━━━━━ SOURCE MATERIAL

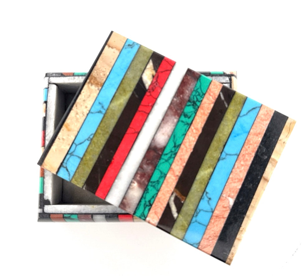 One of a kind hand made marble (and turquoise) box from Afghanistan
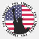 This patriotic design features a silhouette of the Statue of Liberty on circular flag background. Text surrounds reading "Liberty USA." Perfect for the 4th of July or anytime!
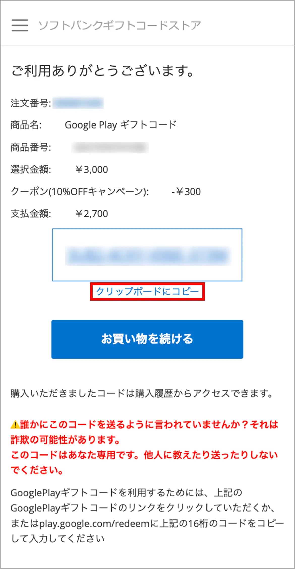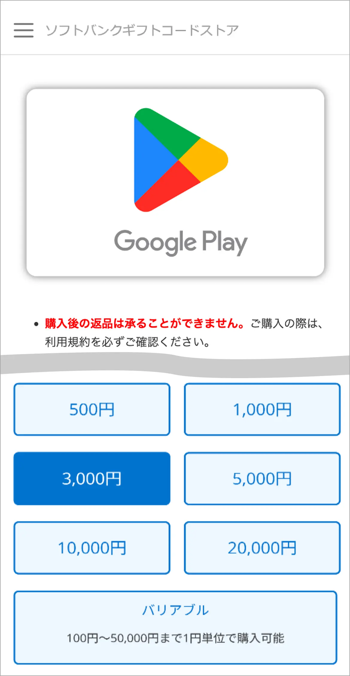 Google Play ギフトコード購入サイトへスマートフォンでアクセスしてください。
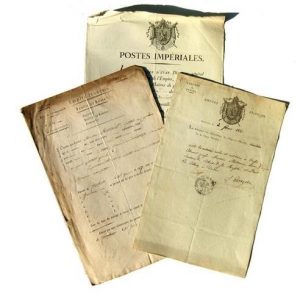 Le lot se compose d’une feuille de route à entête de la Grande armée délivré le 10 janvier 1807 pour se rendre de Francfort à Varsovie, d’un laissez-passer à entête de l’Empire français, cabinet du préfet, délivré le 2 août 1813 pour se rendre de Coblence à Dresde, un laissez-passer à entête des postes impériales délivré le 27 avril 1813 pour la route de Paris à Mayence.
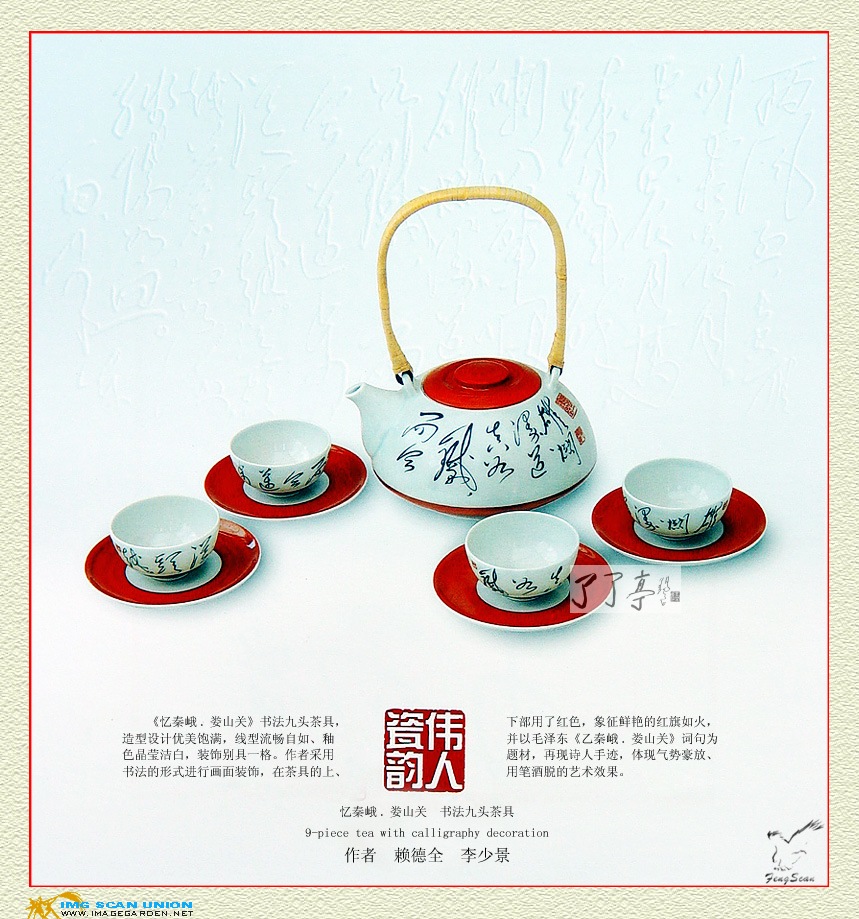 纪念毛泽东百年诞辰 《亿秦娥·娄山关》书法九头茶具 作者:赖德全 李少景
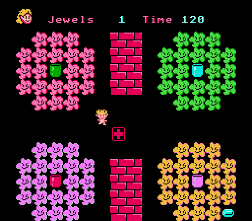 Each of the thirty-two levels has a gimmick: in level 6, for example, there’s only one blue jewel to collect, but there are four different piles of colored gum pieces that surround the color cubes. Your troll’s hair starts off yellow, so deplete the yellow gum pile first. In the middle of the yellow pile is a purple color cube. Dip your hair in the cube, then start depleting the purple gum pile. The purple gum pile has a red cube in its center, and the red gum pile has a blue cube in its center. Deplete all the gum piles until your hair is finally blue, then hit the lone blue jewel and run to the exit. Level 6 is tough, if only because the gum can hurt you if your hair color doesn’t match the gum’s color. But at least if you hurt yourself once, you can heal by touching the Medical cube. Later levels include slippery ice, water which is only crossable with a “sailboat” item, gray cubes that switch your hair to random colors, and often, no Medi-cubes to heal yourself. If you get hit twice, you’re dead, but there are (as far as I could tell) unlimited continues. Trolls might be trying to co-exist with the inhabitants of Treasure Island, but their acceptance doesn’t come easy.

━━━━━━━━━━

WORK ORDER.
Copy the entries above faithfully and omit every image.

TASK RESULT.
 One of a kind hand made marble (and turquoise) box from Afghanistan
 This patriotic design features a silhouette of the Statue of Liberty on circular flag background. Text surrounds reading "Liberty USA." Perfect for the 4th of July or anytime!
 Google Play ギフトコード購入サイトへスマートフォンでアクセスしてください。
 Le lot se compose d’une feuille de route à entête de la Grande armée délivré le 10 janvier 1807 pour se rendre de Francfort à Varsovie, d’un laissez-passer à entête de l’Empire français, cabinet du préfet, délivré le 2 août 1813 pour se rendre de Coblence à Dresde, un laissez-passer à entête des postes impériales délivré le 27 avril 1813 pour la route de Paris à Mayence.
 纪念毛泽东百年诞辰 《亿秦娥·娄山关》书法九头茶具 作者:赖德全 李少景
 Each of the thirty-two levels has a gimmick: in level 6, for example, there’s only one blue jewel to collect, but there are four different piles of colored gum pieces that surround the color cubes. Your troll’s hair starts off yellow, so deplete the yellow gum pile first. In the middle of the yellow pile is a purple color cube. Dip your hair in the cube, then start depleting the purple gum pile. The purple gum pile has a red cube in its center, and the red gum pile has a blue cube in its center. Deplete all the gum piles until your hair is finally blue, then hit the lone blue jewel and run to the exit. Level 6 is tough, if only because the gum can hurt you if your hair color doesn’t match the gum’s color. But at least if you hurt yourself once, you can heal by touching the Medical cube. Later levels include slippery ice, water which is only crossable with a “sailboat” item, gray cubes that switch your hair to random colors, and often, no Medi-cubes to heal yourself. If you get hit twice, you’re dead, but there are (as far as I could tell) unlimited continues. Trolls might be trying to co-exist with the inhabitants of Treasure Island, but their acceptance doesn’t come easy.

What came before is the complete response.